Could be either or both. The Edmund Fitzgerald case is actually an example of that, since the exact cause among structural failure, grounding (in part due to wave action) or waves staving in hatch covers, isn’t known. This analysis found it was a combination of downflooding due to waves washing over the deck (in particular a floating log or other flotsam tearing away some ballast tank vents) which then caused a main hull girder structural failure from the combination of ‘normal’ stress due to the large waves exacerbated by hull stress caused by the flooding. http://assets1.csc.com/innovation/downloads/Edmund_Fitzgerald.pdf
Likewise the exact cause of loss of a number of large seagoing bulk carriers in recent decades isn’t certainly known. However those are two fairly different animals. Big ships designed only for Great Lakes trading have much weaker main hull girders than oceangoing ships: the waves on the lakes though they can be high are not as long as ocean waves.

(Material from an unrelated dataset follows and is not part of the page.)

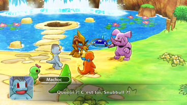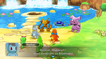 Lors de votre reprise en tant qu'équipe de secours, vous recevez la visite de Chenipan et de Chrysacier. Ces derniers vous racontent qu'il se passe quelque chose d'étrange avec Snubbull, qu'il n'est pas comme d'habitude. Vous décidez alors d'aller le voir près de l'étang de Barbicha, où vous trouvez Alakazam avec un autre Pokémon que Snubbull.

Today I saw a photo of the new Harmony of the Seas cruise ship. The thing is incredibly tall, and looks like a capsize accident waiting for a big wave. How can it possibly have enough ballast below the water line to stay upright, without being so deep that it would scrape the bottom of ports?
Well I don’t know about steel in warships, but certainly in commercial vessels 10mm plate is pretty standard. They rely on shape and beams and so on, not thickness of plate to achieve strength.
Two months on, and it occurs to me that I have a coworker who served on the Enterprise (aircraft carrier, damnit). I asked him, and he gave it as his opinion that it would be possible to capsize the ship under the right circumstances, those being:
[ul][li]A major storm (we’re talking a good-sized hurricane)[/li][li]A more than 15-degree list (see major storm, above)[/li][li]Light on aviation fuel (reducing the ballast considerably and contributing to the list)[/li][li]Hangar doors that were partially or fully open (either because someone didn’t secure them or the waves were strong enough to batter their way in)[/ul][/li]A contributing factor would be if the ship weren’t being steered in the most advantageous way with respect to wave size and wave and wind direction.
So, possible, but very, very unlikely, from the sound of it.
NOTE: Shagnasty said it was hard to roll one past 7 degrees, but my coworker said he was on the Enterprise when it was listing to 15 degrees. No one allowed on deck for that storm!
Correction: He was on the John F. Kennedy, not the Enterprise. The day it listed 15 or so degrees, they were:
“low on fuel oil, low on JP5 avgas, no weapons, no aircraft, double i.e., bailing out of harbor because of a hurricane heading our way. We just got underway to avoid being battered into the quay or run aground if we broke our lines.”
Every ship has a calculated stability role. That is how many degrees the ship can roll and it will return. Beyond that point the it can be questionable. I was on a ship that’s stability roll was 30 degrees and we were rolling on some many waves over 48degrees. Just to reach the stability roll of a carrier would take extream weather conditions that I have a hard time imagining, to exceed I don’t think will happen
The fact that so many scientists disputed freak waves, which apparently aren’t all that rare, because their limited math models didn’t support them is terribly sad.
Why don’t the other ships just coast in the aircraft carrier’s wake? I remember drafting behind larger ships to avoid the wake from cruise ships and freighters.
I can’t say for certain. Maybe some of them do sometimes but the support ships don’t usually stay very close to the carrier at all. The whole convoy is usually spread out over a huge area.
If you want to see what happens to a smaller (but still huge) warship in very rough seas, check out this short video. It is nothing like the aircraft carrier video and certainly not something I would want any part of. It still doesn’t capsize though.
In a previous post “Morgyn” mentioned jet fuel and ballast. Definitely an issue considering a Nimitz Class carrier carries just short of 4M gallons. And w/regard to its importance, don’t have to look any further back to 1944 when Bull Halsey attempted to refuel his fleet in a typhoon. Cost the Navy three ships and several hundred sailors.
I come up with ~1000 kg (1 tonne). How’d you get 7.5 tonnes?